Start of Block

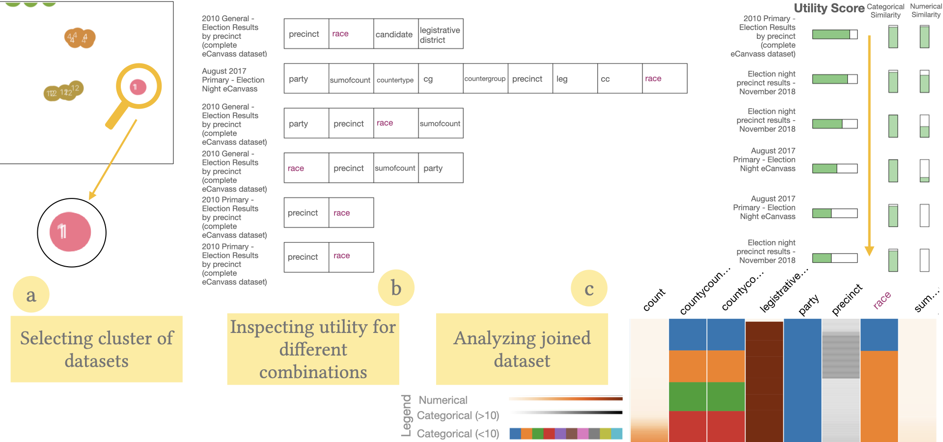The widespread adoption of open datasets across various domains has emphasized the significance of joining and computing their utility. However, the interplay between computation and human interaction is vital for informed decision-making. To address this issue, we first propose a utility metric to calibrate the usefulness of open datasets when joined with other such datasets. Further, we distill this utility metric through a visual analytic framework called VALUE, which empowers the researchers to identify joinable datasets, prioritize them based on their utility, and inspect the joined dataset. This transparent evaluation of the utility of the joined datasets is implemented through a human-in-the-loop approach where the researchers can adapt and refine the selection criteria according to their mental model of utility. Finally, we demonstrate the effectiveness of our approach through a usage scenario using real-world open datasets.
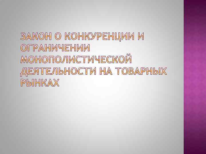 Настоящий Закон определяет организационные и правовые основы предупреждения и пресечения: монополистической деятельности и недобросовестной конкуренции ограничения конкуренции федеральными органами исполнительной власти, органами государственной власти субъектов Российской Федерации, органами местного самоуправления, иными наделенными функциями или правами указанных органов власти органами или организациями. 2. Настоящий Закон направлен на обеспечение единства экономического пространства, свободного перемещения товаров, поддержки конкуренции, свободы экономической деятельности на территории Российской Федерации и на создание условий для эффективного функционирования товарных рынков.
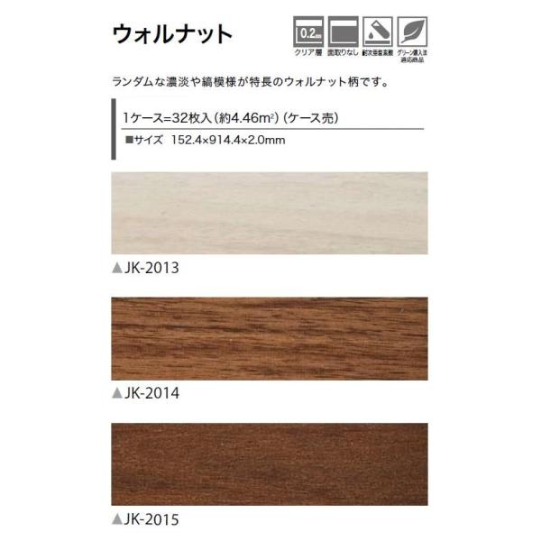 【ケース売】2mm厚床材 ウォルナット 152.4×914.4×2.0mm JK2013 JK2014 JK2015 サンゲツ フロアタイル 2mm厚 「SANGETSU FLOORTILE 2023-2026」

End of Block

> **What needs to be done**
Write the material above out again exactly as it reads, but don't carry over the pictures.

> **Your response**
The widespread adoption of open datasets across various domains has emphasized the significance of joining and computing their utility. However, the interplay between computation and human interaction is vital for informed decision-making. To address this issue, we first propose a utility metric to calibrate the usefulness of open datasets when joined with other such datasets. Further, we distill this utility metric through a visual analytic framework called VALUE, which empowers the researchers to identify joinable datasets, prioritize them based on their utility, and inspect the joined dataset. This transparent evaluation of the utility of the joined datasets is implemented through a human-in-the-loop approach where the researchers can adapt and refine the selection criteria according to their mental model of utility. Finally, we demonstrate the effectiveness of our approach through a usage scenario using real-world open datasets.
 Настоящий Закон определяет организационные и правовые основы предупреждения и пресечения: монополистической деятельности и недобросовестной конкуренции ограничения конкуренции федеральными органами исполнительной власти, органами государственной власти субъектов Российской Федерации, органами местного самоуправления, иными наделенными функциями или правами указанных органов власти органами или организациями. 2. Настоящий Закон направлен на обеспечение единства экономического пространства, свободного перемещения товаров, поддержки конкуренции, свободы экономической деятельности на территории Российской Федерации и на создание условий для эффективного функционирования товарных рынков.
 【ケース売】2mm厚床材 ウォルナット 152.4×914.4×2.0mm JK2013 JK2014 JK2015 サンゲツ フロアタイル 2mm厚 「SANGETSU FLOORTILE 2023-2026」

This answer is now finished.